Proposition 1. Let X represent the direct causes of Y, and suppose that they have N observations. The kernel embedding of distribution $\tilde{P} (\underline{Y}, X | C = c_{n})$ can be represented as

{\hat{\tilde{μ}}}_{\underline{Y}, {X |}_{C = c_{n}}} = \frac{1}{n} Φ_{y} {(K_{x} ⊙ K_{c} + λ I)}^{- 1} d i a g (k_{c, c_{n}}) K_{x} Φ_{x}^{T},

where $Φ_{y} ≔ [ϕ (y_{1}), \dots, ϕ (y_{N})]$ , $Φ_{x} ≔ [ϕ (x_{1}), \dots, ϕ (x_{N})]$ , $k_{c, c_{n}} : = {[k (c_{1}, c_{n}), \dots, k (c_{N}, c_{n})]}^{T}$ , and ⊙ represents pointwise product.

B. Nonstationary Driving Force Estimation As an Eigenvalue Decomposition Problem

Next, we use the estimated kernel embedding of distributions, ${\hat{\tilde{μ}}}_{\underline{Y}, {X |}_{C = c_{n}}} (n = 1, \dots, N)$ , as the input, and aim to find $\hat{λ} (C)$ as a low-dimensional representation of ${\tilde{μ}}_{\underline{Y}, {X |}_{C = c_{n}}}$ , to capture its variability across different values of C. This can be readily achieved by exploiting kernel principle component analysis (KPCA) techniques [8], which computes principal components in kernel spaces of the input.

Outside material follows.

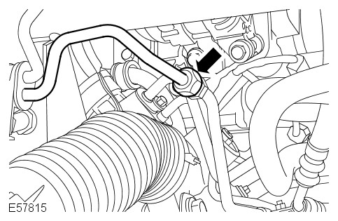 Position a container to collect the fluid spillage. Reposition the fluid line into the wheel arch area. Disconnect the fluid return line from the reservoir.
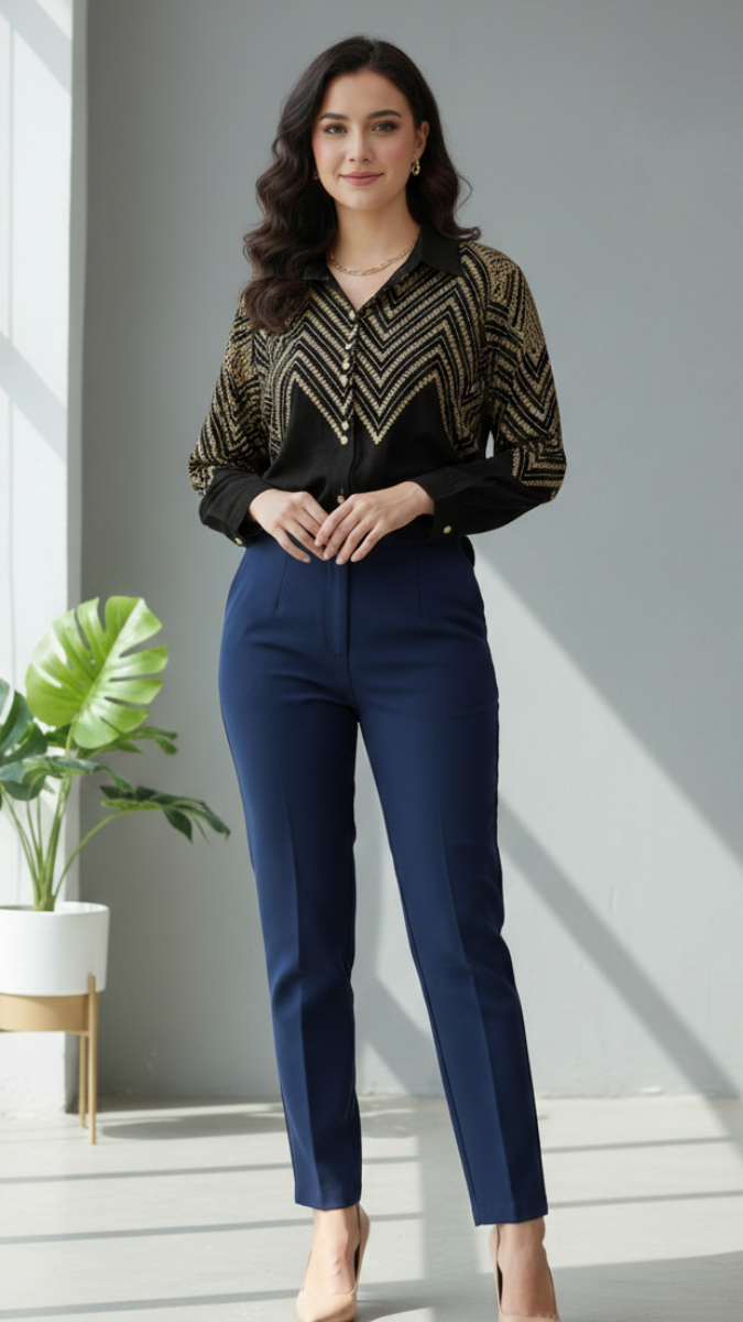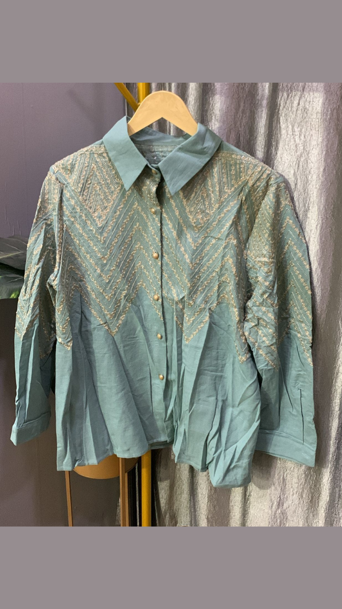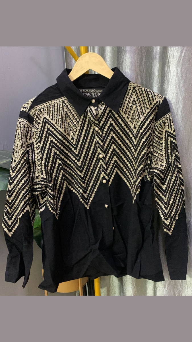Elegant with a modern twist, this wavy embroidery upper shirt is designed to add subtle artistic charm to your wardrobe. Featuring delicate wavy embroidery detailing across the upper portion, it creates texture and visual interest while maintaining a clean, polished silhouette. Comfortable and easy to style, this shirt pairs beautifully with jeans, trousers, or skirts — making it perfect for work, casual outings, or semi-formal occasions.

To perform KPCA, we need to know the N × N Gram matrix of ${\hat{\tilde{μ}}}_{\underline{Y}, {X |}_{C = c}}$ first. If we use a linear kernel, the (c, c′)th entry of the Gram matrix $M_{\underline{Y} X}^{l}$ is the inner product between ${\hat{\tilde{μ}}}_{\underline{Y}, {X |}_{C = c}}$ and ${\hat{\tilde{μ}}}_{\underline{Y}, {X |}_{C = c^{'}}} :$

M_{\underline{Y} X}^{l} (c, c^{'}) ≜ tr ({\hat{\tilde{μ}}}_{\underline{Y}, {X |}_{C = c}}^{T} {\hat{\tilde{μ}}}_{\underline{Y}, {X |}_{C = c^{'}}}) = \frac{1}{n^{2}} k_{c, c}^{T} [K_{x}^{3} ⊙ ({(K_{x} ⊙ K_{c} + λ I)}^{- 1} K_{y} {(K_{x} ⊙ K_{c} + λ I)}^{- 1})] k_{c, c^{'}},

which is the (c, c′)th entry of the matrix

M_{\underline{Y} X}^{l} = \frac{1}{n^{2}} K_{c} [K_{x}^{3} ⊙ ({(K_{x} ⊙ K_{c} + λ I)}^{- 1} K_{y} {(K_{x} ⊙ K_{c} + λ I)}^{- 1})] K_{c} .

(3)

If we use a Gaussian kernel with kernel width σ₂, the Gram matrix is given by

M_{\underline{Y} X}^{g} (c, c^{'}) = \exp (- \frac{{‖ {\tilde{μ}}_{\underline{Y}, {X |}_{C = c}} - {\tilde{μ}}_{\underline{Y}, {X |}_{C = c^{'}}} ‖}_{F}^{2}}{2 σ_{2}^{2}}) = \exp (- \frac{M_{\underline{Y} X}^{l} (c, c) + M_{\underline{Y} X}^{l} (c^{'}, c^{'}) - 2 M_{\underline{Y} X}^{l} (c^{'}, c)}{2 σ_{2}^{2}}),

(4)

where || · ||F denotes the Frobenius norm.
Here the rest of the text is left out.